▶ [Brief] Please go line by line and repeat the data below exactly, with no images.

▶ [Stored data]
____________

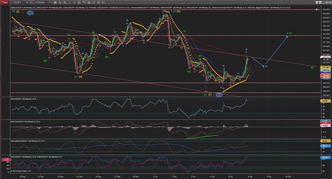 The 60Min Chart is showing to have completed Wave iii of the first Wave (i) up.
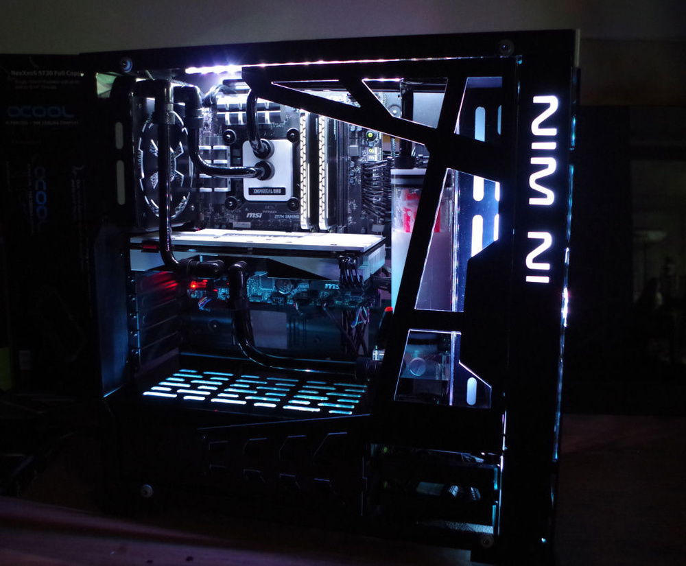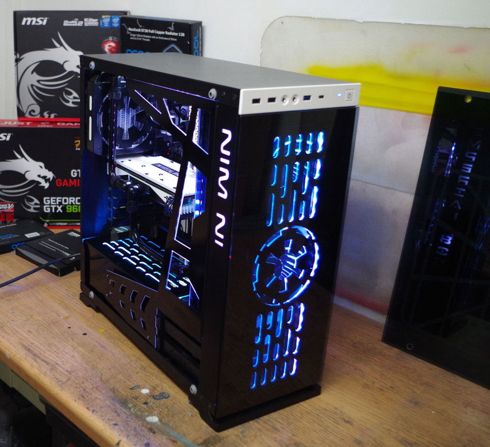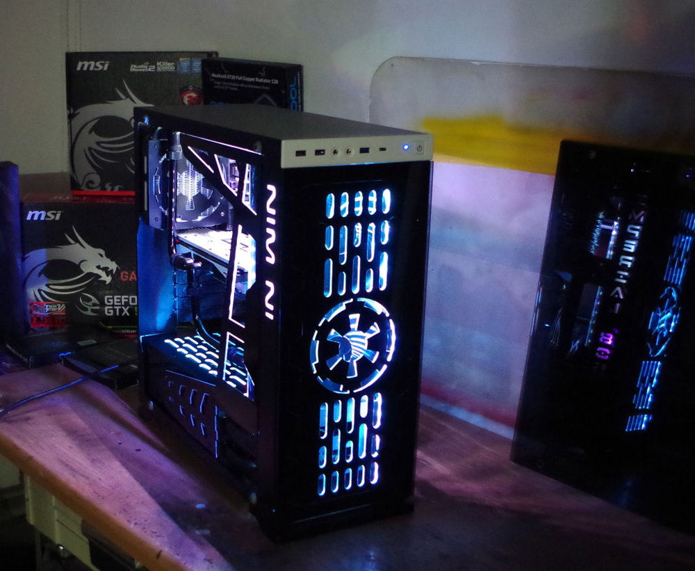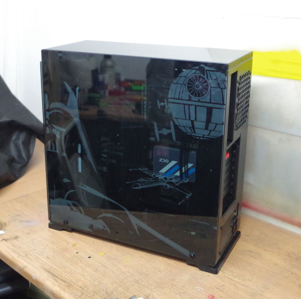 Because we´re big Star Wars Fans, we built this Mod with the inspiration of the Empire. So we added a lot details to the Case and even made a custom Engraving on the Glass Sidepanels.
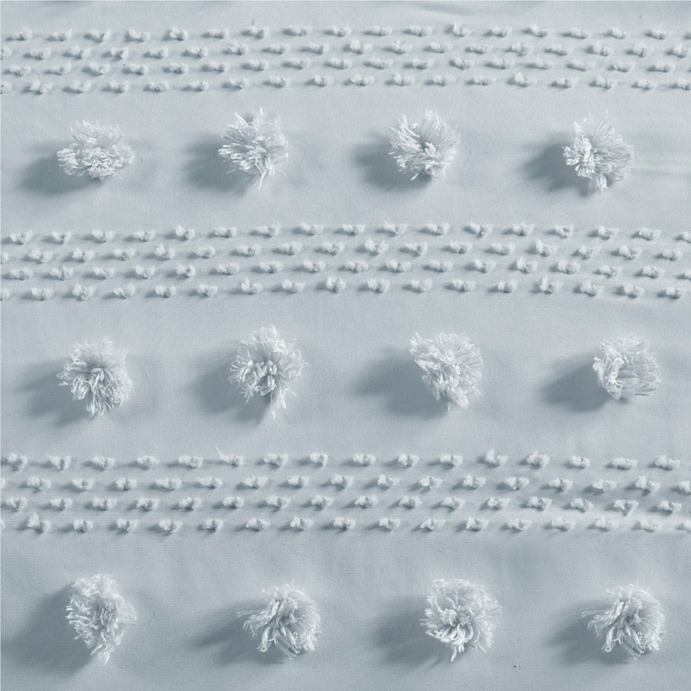 Refresh your bedroom with the elegant style of Intelligent Design’s Lucy Clip Jacquard Comforter Set. This beautiful comforter features fun and playful clip jacquard pompoms all over the face that add dimension to the top of the bed for a lovely look. The matching shams (1 in Twin/TwinXL) also flaunt the delicate design of the comforter to complete the jacquard bedding set. Hypoallergenic polyester filling in the fashionable comforter contains no allergens and is treated to be dustproof. Machine washable for easy care, this elegant comforter set is OEKO-TEX certified, meaning it does not contain any harmful substances or chemicals to ensure quality comfort and wellness. An antimicrobial treatment helps reduce the growth of odor causing bacteria and keeps fabric lasting longer. Items may come in rolled or compressed packing and will need to be fluffed up. Use a steam iron to help remove wrinkles easier.

____________

▶ [Answer to this problem]
 The 60Min Chart is showing to have completed Wave iii of the first Wave (i) up.
 Because we´re big Star Wars Fans, we built this Mod with the inspiration of the Empire. So we added a lot details to the Case and even made a custom Engraving on the Glass Sidepanels.
 Refresh your bedroom with the elegant style of Intelligent Design’s Lucy Clip Jacquard Comforter Set. This beautiful comforter features fun and playful clip jacquard pompoms all over the face that add dimension to the top of the bed for a lovely look. The matching shams (1 in Twin/TwinXL) also flaunt the delicate design of the comforter to complete the jacquard bedding set. Hypoallergenic polyester filling in the fashionable comforter contains no allergens and is treated to be dustproof. Machine washable for easy care, this elegant comforter set is OEKO-TEX certified, meaning it does not contain any harmful substances or chemicals to ensure quality comfort and wellness. An antimicrobial treatment helps reduce the growth of odor causing bacteria and keeps fabric lasting longer. Items may come in rolled or compressed packing and will need to be fluffed up. Use a steam iron to help remove wrinkles easier.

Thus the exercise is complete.